Padang, Sinyalgonews.com,— AKHIR 1960-an sampai awal 1970-an, dalam kehidupan generasi muda di kota-kota besar Indonesia, termasuk di Sumatera Barat, khususnya Bukittinggi dan Padang, muncul 2 (dua) trend:

1). Munculnya berbagai perguruan beladiri asing, terutama dari Jepang seperti karate dan judo.
2). Maraknya geng anak-anak muda yang perbuatannya sering destruktif seperti judi, minuman keras, dan perkelahian berkelompok.
Perkembangan itu menimbulkan kehawatiran atas dua hal pula;
1). Generasi muda berbondong-bondong mempelajari beladiri asing, serta melupakan pencak silat sebagai beladiri warisan leluhur bangsa sendiri.
2).
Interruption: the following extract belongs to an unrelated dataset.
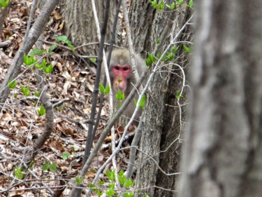 長野原城址、箱岩から天狗岩の尾根間で猿軍団と遭遇しましたが、速やかに逃げて行ってくれました。それでも、人里とあまりにも近すぎていて心配です。

Akan ada kelompok generasi muda yang bisa kehilangan arah, karena makin dalam terlibat dalam judi, minuman keras, dan perkelahian antargeng.
Saat bersekolah di STM (tahun 1964 – 1967) Makmur Hendrik melatih judo beberapa siswa STM. Judo beliau pelajari saat bersekolah di ST Negeri Pekanbaru. Saat itu judo baru masuk ke Indonesia.
Saat bersekolah di STM itu pula beliau belajar Silek Tuo dari Bp. Bustamam Sutan Makmur asal Lawang, Matur, Sumatera Barat. Beliau adalah ayah Syofyani Yushaf, koreografer tari terkenal Sumatera Barat.
Tahun 1970 Makmur Hendrik pindah kuliah ke Fakultas Keguruan Teknik IKIP Padang (kelak menjadi UNP). Saat itulah di kota Padang bermunculan belasan perguruan karate dan satu dua perguruan silat. Namun yang luar biasa peminatnya adalah karate seperti Inkai, Kyokusinkai, Gokasi, Black Panther, dan lain-lain. Sebagai seorang murid silat beliau merasa heran melihat anak muda berbondong-bondong masuk perguruan karate.
Di bumi Minang yang terkenal dengan puluhan aliran silatnya, anak-anak muda justru belajar beladiri asing. Silat dianggap sebagai beladiri kuno. Makmur Hendrik berpendapat, paling tidak ada empat sebab mengapa anak-anak muda lebih suka belajar bela diri asing ketimbang silat:
1.Metode dan sistem yang dipakai guru silat untuk mengajar anak sasiannya dianggap ‘kuno’. Karena serang bela (pukul, tendang, elak, tangkis, banting dan jatuh) dalam silat tidak diurai dan tidak terukur sebagaimana halnya karate dan judo, maka belajar silat tidak bisa secara massal, seperti karate atau judo. Dalam karate, 100 atau 1.000 orang murid bisa membentuk barisan, dan dengan sebuah komando mereka melakukan latihan menendang atau memukul atau menangkis. Dalam silat metode ini belum pernah ada.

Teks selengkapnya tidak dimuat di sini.